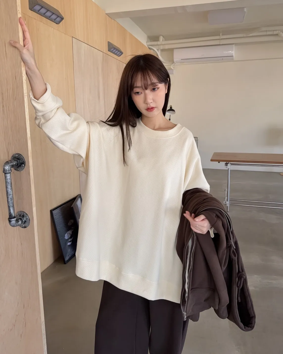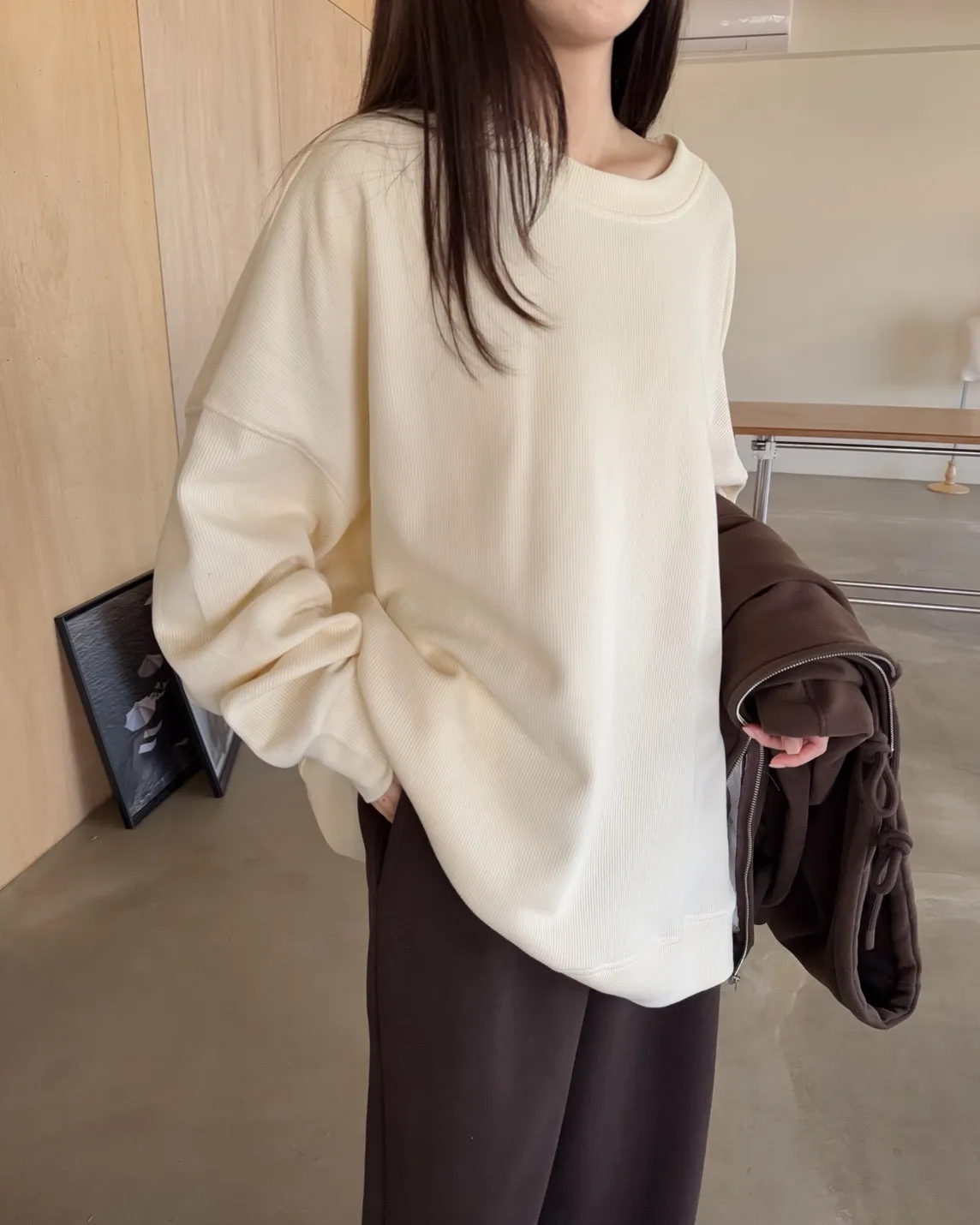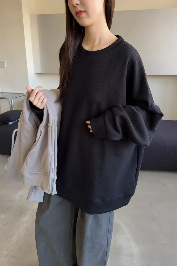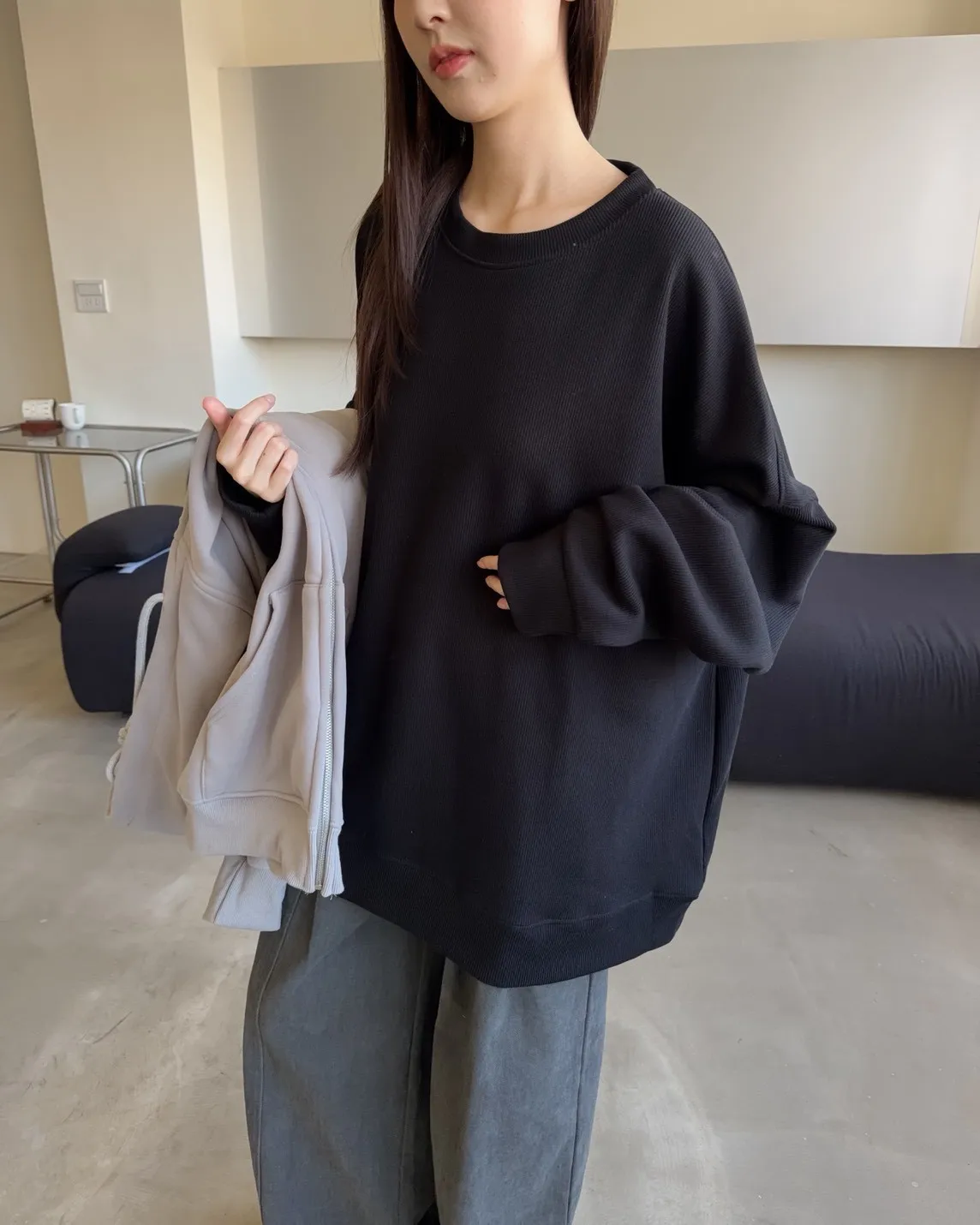 寬鬆落肩 細細坑紋 微厚 袖縮口
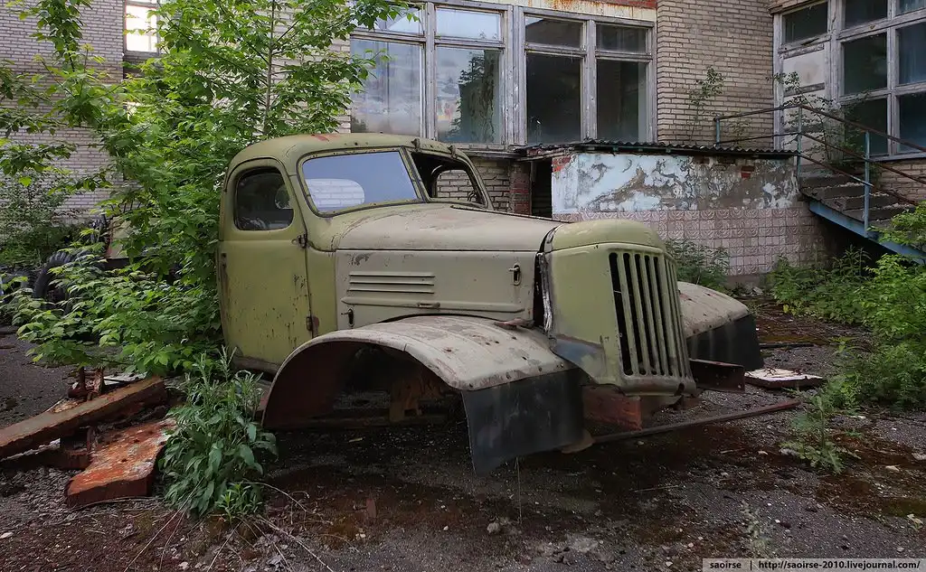 Возле главного корпуса валяется кабина [ЗИЛа-157]. Этот грузовик выпускался аж 36 лет (1958-1994).
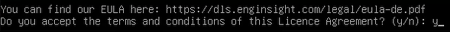 4. Lesen Sie den Endbenutzer Lizenzvertrag und bestätigen Sie anschließend Ihre Zustimmung mit einem: "**y**".
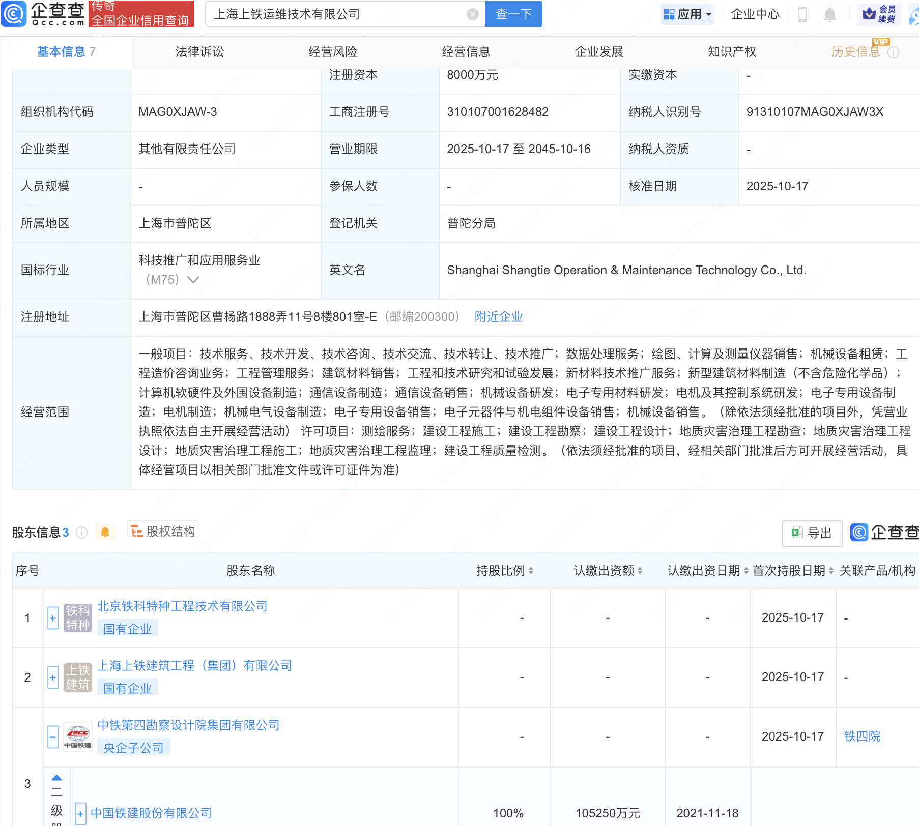 企查查APP显示,近日,上海上铁运维技术有限公司成立,注册资本8000万元,经营范围包含:电子专用材料研发;电机及其控制系统研发;电子专用设备制造等。企查查股权穿透显示,该公司由中国铁建(601186)全资子公司中铁第四勘察设计院集团有限公司等共同持股。
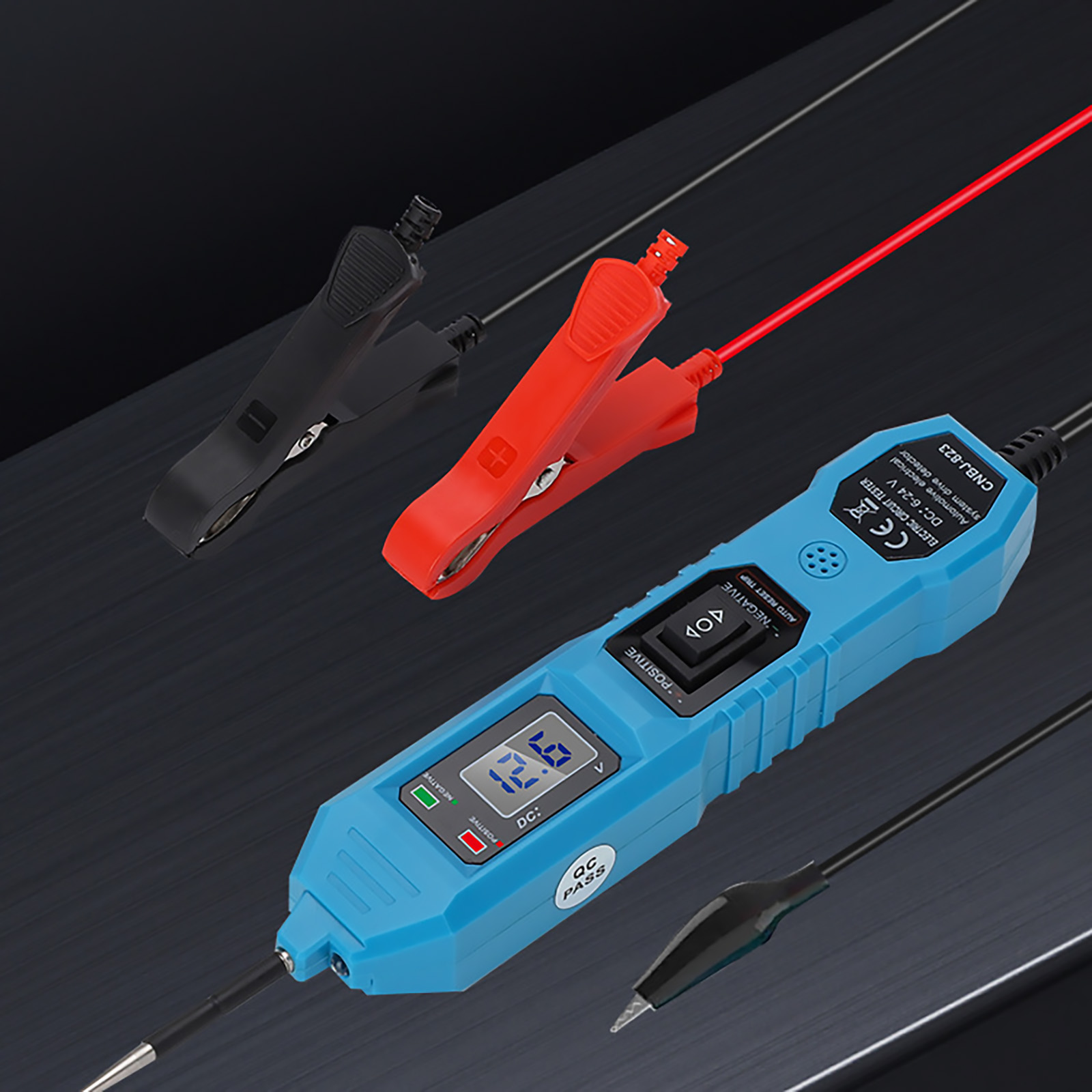 LCD High Definition Display: When the probe detects a positive pole or performs a positive activation, the front red LED lights up with a blue LCD voltage display. When the probe detects a negative terminal or performs a reverse activation, the front green LED lights up with a blue LCD voltage display.

════════════════════

Output exactly the stretch of the listing that begins at the line containing "4. Lesen Sie" and ends at the line containing "企查查APP显示,近日,上海", both kept. Omit pictures and everything else.

• Exercise answer:
 4. Lesen Sie den Endbenutzer Lizenzvertrag und bestätigen Sie anschließend Ihre Zustimmung mit einem: "**y**".
 企查查APP显示,近日,上海上铁运维技术有限公司成立,注册资本8000万元,经营范围包含:电子专用材料研发;电机及其控制系统研发;电子专用设备制造等。企查查股权穿透显示,该公司由中国铁建(601186)全资子公司中铁第四勘察设计院集团有限公司等共同持股。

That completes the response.